Daily operations inside a Supper Thyme USA franchise center on a structured, kitchen-based workflow designed to be replicable and efficient without requiring franchisees or customers to have culinary training. The core model features 12 workstations where customers simultaneously prepare 12 different family-sized meals, with staff members circulating to provide guidance, answer questions, and ensure food safety protocols are met throughout each session. The assembly process is engineered to take approximately 10 minutes per meal, allowing customers to complete a full month's worth of dinner preparation in roughly two hours per visit, a time savings proposition that is central to the brand's customer retention strategy. Supper Thyme USA also offers pickup and delivery services, expanding the revenue model beyond in-kitchen sessions and creating accessibility for customers who cannot attend in-store preparation events. The franchise provides both classroom and on-site training and support to new franchisees, giving operators exposure to the operational blueprint before they open their doors as well as hands-on experience within a functioning kitchen environment. Franchisees additionally receive support from a professional marketing team, which matters particularly in a niche concept like this one where local consumer education is often the single greatest barrier to customer acquisition. The franchisor provides what it describes as a business blueprint, a systematic operational guide intended to standardize the customer experience across locations while reducing the learning curve for new owners who may have no prior food service management experience. The model is structured around an owner-operator philosophy consistent with the family-oriented mission of the founding couples, and the labor footprint is modest relative to full-service restaurant operations, as the in-store assembly concept eliminates the need for a large professional kitchen staff or line cooks. The goal, as articulated by the founding team, is to build a business that franchisees experience as both financially viable and personally meaningful, centering the customer experience on a fun and relaxed atmosphere that reinforces repeat visits.

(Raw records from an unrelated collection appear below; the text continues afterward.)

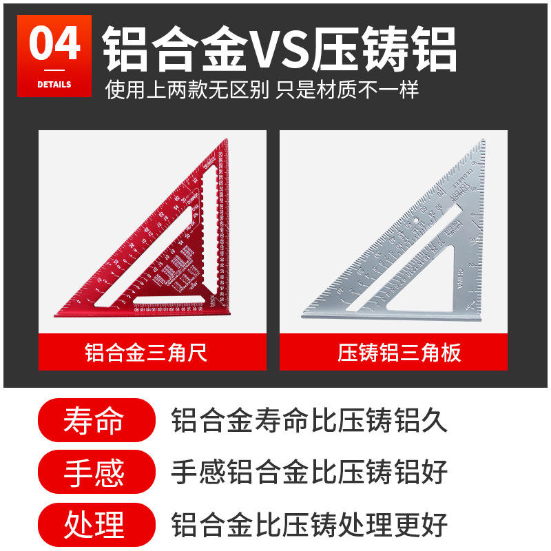 ไม้บรรทัดฉาก 45 องศา ความแม่นยำสูง อเนกประสงค์ ผลิตจากอะลูมิเนียมอัลลอยด์และสแตนเลส แบบหนา สำหรับงานไม้
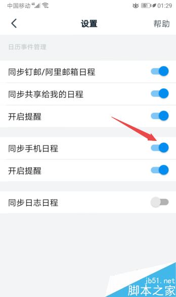 滑动完成后如图所示,这样便开启了同步手机日程。
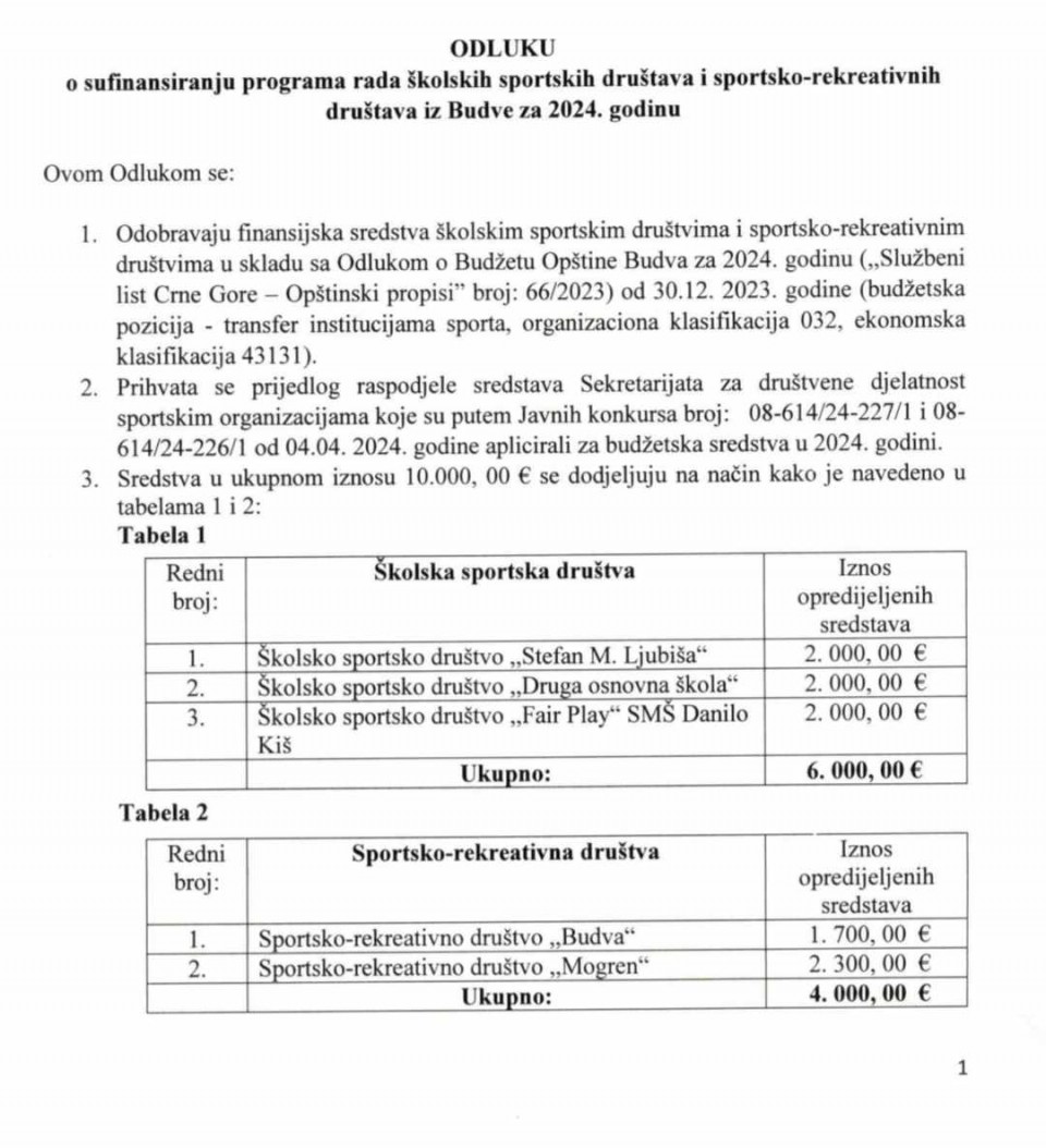 Na osnovu Odluke o bližim uslovima, načinu, postupku i kriterijumima za dodjelu sredstava iz budžeta Opštine Budva sportskim subjektima, potpredsjednica Opštine Budva donijela je Odluku o sufinansiranju programa rada sportsklh klubova, školskih sportskih drustava i sportsko-rekreativnih društava iz Budve za 2024. godinu
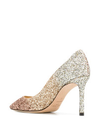 85mm Romy pumps Jimmy Choo are here to meet all your Sex and The City desires. Crafted from gold-tone leather, these Romy 85mm pumps are covered in ombre glitter for a dazzling finish. 'I lost my Choo!'. Featuring a pointed toe, a leather insole, a high stiletto heel and glitter details. Made in Italy Composition Sole: Calf Leather 100% Lining: Goat Skin 100% Outer: PVC 95%, Lamb Skin 5% SIZE & FIT Measurement HEEL 3.54 in(9 cm)
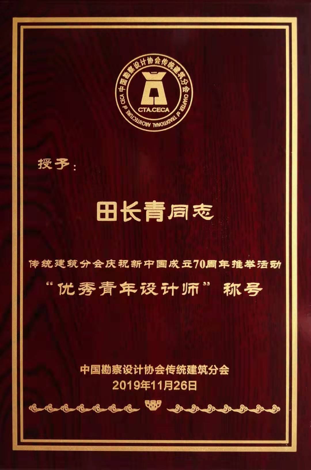 近日,“全国勘察设计行业庆祝新中国成立70周年系列推举活动”成果公布,我院特聘院长杨瑛大师被中国勘察设计协会推举为“杰出人物”;田长青老师被中国勘察设计协会传统建筑分会推举为“优秀青年设计师”。
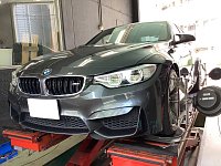 ども!! OK-Pです!! 本日2回目の作業紹介はこちら('ω')ノ BMW F80 M3のアライメント調整です! 調整箇所は前トー、後トー・キャンバーとベースとなったF30と同じですが、後の調整機構は全く違います。F30では調整をアームのサブフレーム側で行いますが、このF80では調整をナックル側で行います...
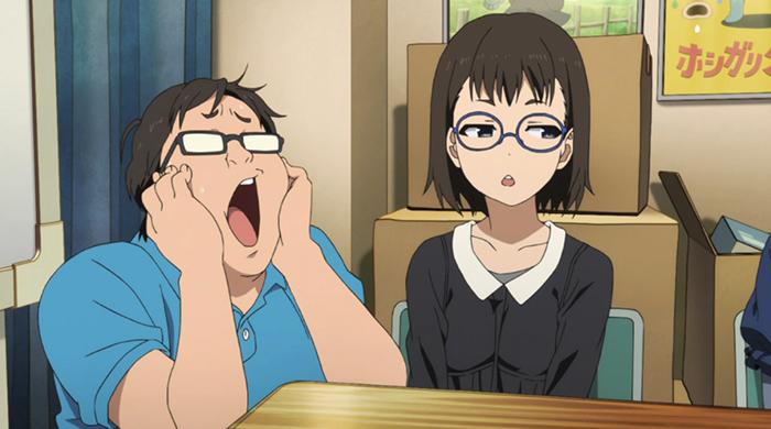 Jel: After having a week to sleep on it, I must admit there was a certain charm to Shirobako that made me feel like I should give it another shot. As I was watching the episode, seeing Miyamori skillfully handle the aftermath of last week’s crisis, I started to think I could like this. Then the episode started to drag as the focus turned away from the people and on to their tasks for what seemed like forever. I started thinking “OK we’re probably almost done with the episode, right?”, glanced at the time stamp…. 6 minutes in. I somehow stuck it out for the rest of the episode, even through the weird hologram/drug addled hallucination scene, but it felt like a grind. I want to like Shirobako as I really like Miyamori and the rest of the cast but I think I have to accept it’s just not for me. Side note though: the anime they’re making sounds INSANE. I’d watch that.

Item 19 financial performance data is not disclosed in the current Franchise Disclosure Document for Supper Thyme USA. This is not unusual within the franchise industry, as franchisors are not legally required to include Financial Performance Representations in their FDD, and many choose not to do so for a variety of legal and competitive reasons. What this means for prospective investors is that average revenue per unit, median revenue figures, and profit margin data are not available through official franchisor channels, and the due diligence burden of estimating unit-level economics falls entirely on the investor. To build a credible revenue model, candidates should request audited financial statements from existing franchisees directly, commission an independent market analysis for their target territory, and benchmark the concept against comparable meal preparation and limited-service food franchise models using industry data. For reference, the U.S. limited-service restaurant sector generates an estimated $97.85 billion annually across more than 159,000 locations as of 2025, implying a rough average of approximately $615,000 per location, though this figure spans an enormous range of formats from national fast-food chains to independent neighborhood operators. The Supper Thyme USA model, with its membership-style recurring customer base and a dual-channel revenue structure encompassing both in-store sessions and pickup and delivery, has structural characteristics that could support predictable monthly revenue if customer acquisition and retention are managed effectively. With an initial investment ceiling of approximately $235,850 to $238,500, a franchise that generates annualized revenues consistent with limited-service industry averages could theoretically produce reasonable payback timelines, but investors must stress-test these assumptions rigorously against local market demand, competitive meal kit and delivery alternatives, and realistic customer session frequency. The absence of Item 19 disclosure makes independent due diligence not just advisable but essential before committing capital to the Supper Thyme USA franchise opportunity.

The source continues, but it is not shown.